Two aged Asian American girls had been significantly injured in separate, random assaults on the streets of San Francisco this month.
An 86-year-old sufferer suffered a damaged hip after her assault on July 10, and an 88-year-old sufferer suffered inside bleeding after being attacked final week, in accordance with English and Chinese language outlet Wind Newspaper.
San Francisco District Attorney Brooke Jenkins introduced expenses Tuesday towards 27-year-old James Lee Ramsey, an Oakland man accused within the July 21 assault.
Prosecutors stated Ramsey kicked the aged girl to the bottom in the course of the assault round 11:15 a.m. on Ellis Street.
A witness detained the suspect on the scene and Ramsey was ultimately arrested by San Francisco police.
“The crimes that Mr. Ramsey is accused of are horrific. I am grateful to the witness who was able to detain him until police arrived ensuring that he did not flee,” Ms.
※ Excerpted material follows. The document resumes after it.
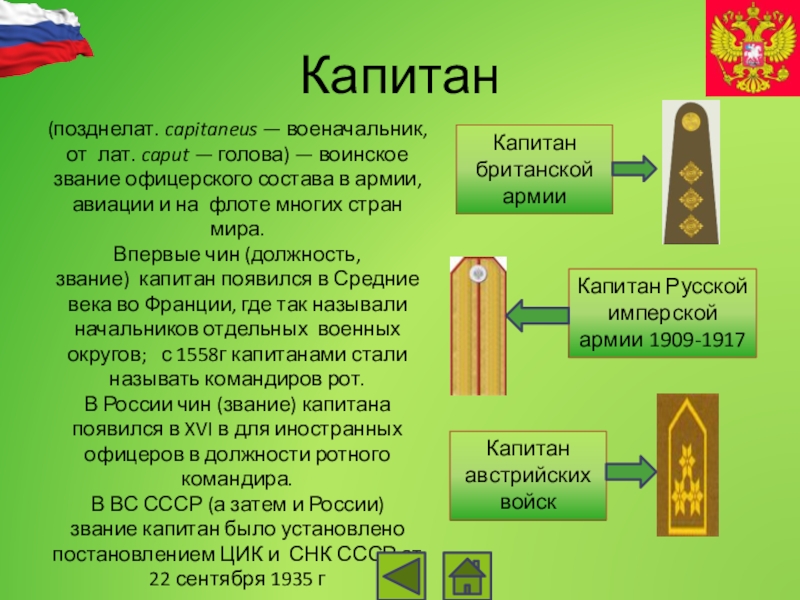 Капитан Русской имперской армии 1909-1917

Jenkins stated in an announcement. “My office, on behalf of the victims, and every San Franciscan who is fed up with brazen violence like this, will stand for justice and seek to hold him accountable for his crimes.”
Ramsey has been charged with a number of felonies, together with elder abuse, assault by means more likely to produce nice bodily harm and battery inflicting critical bodily harm.
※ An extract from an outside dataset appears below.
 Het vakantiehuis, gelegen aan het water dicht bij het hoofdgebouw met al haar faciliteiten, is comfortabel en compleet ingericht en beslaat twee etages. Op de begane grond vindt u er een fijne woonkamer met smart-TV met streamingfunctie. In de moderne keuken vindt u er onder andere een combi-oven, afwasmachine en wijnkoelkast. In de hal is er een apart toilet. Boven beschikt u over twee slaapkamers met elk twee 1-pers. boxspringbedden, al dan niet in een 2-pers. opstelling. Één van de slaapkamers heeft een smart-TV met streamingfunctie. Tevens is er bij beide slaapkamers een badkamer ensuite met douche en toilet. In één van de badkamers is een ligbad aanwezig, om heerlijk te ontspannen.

According to a number of stories, Ramsey, who’s Black, had been beforehand arrested and charged with a hate crime for a 2021 assault on one other Asian American, Carl Chan, in Oakland’s Chinatown. He was convicted of assault, however hate crime expenses had been dropped as a part of a plea deal.
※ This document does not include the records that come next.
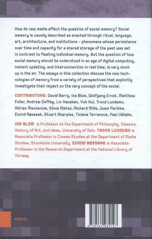 How do new media affect the question of social memory? Social memory is usually described as enacted through ritual, language, art, architecture, and institutions ? phenomena whose persistence over time and capacity for a shared storage of the past was set in contrast to fleeting individual memory. But the question of how social memory should be understood in an age of digital computing, instant updating, and interconnection in real time, is very much up in the air. The essays in this collection discuss the new technologies of memory from a variety of perspectives that explicitly investigate their impact on the very concept of the social.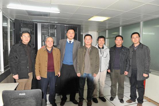 河池市第一人民医院一行与瑞康医院接待人员在机房进行合影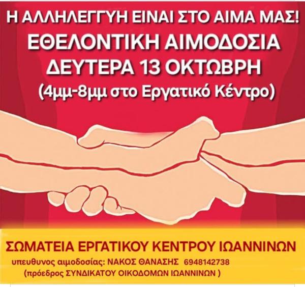 Κάθε χρόνο με τις εθελοντικές μας αιμοδοσίες στηρίζουμε - διαθέτουμε δεκάδες φιάλες αίμα σε συναδέλφους - συναδέλφισσες και στις οικογένειες τους που το χρειάζονται! Με τους χώρους δουλειάς να μετατρέπονται σε αρένες και δεκάδες σακατεμένους εργάτες και εργάτριες η ανάγκη για αίμα μεγαλώνει!

Ms. Jenkins stated her workplace is looking for pre-trial detention for Mr. Ramsey “because of the public safety risk he poses.”
Wind reported that there’s at present a warrant out for his arrest in neighboring Alameda County.
If convicted, Ramsey would face greater than 10 years in jail.
The 86-year-old sufferer was attacked by a suspect who’s described as a White man in his 30s. He stays at massive.
“We are not only dealing with the crime and issues related to open drug market, homelessness, robberies and many more in Tenderloin, we Asian seniors face more challenges of having a risk of being attacked anytime when we walk in the streets. The city needs to find ways to solve the violence against us,” Mei Chen, an immigrant and resident of a Tenderloin senior housing condominium, instructed Wind.
Crimes towards Asian Americans skyrocketed in San Francisco in the course of the COVID-19 pandemic.
In 2021, town recorded 60 hate-related incidents towards Asian Americans —- a 500% enhance from the 9 it witnessed in 2020.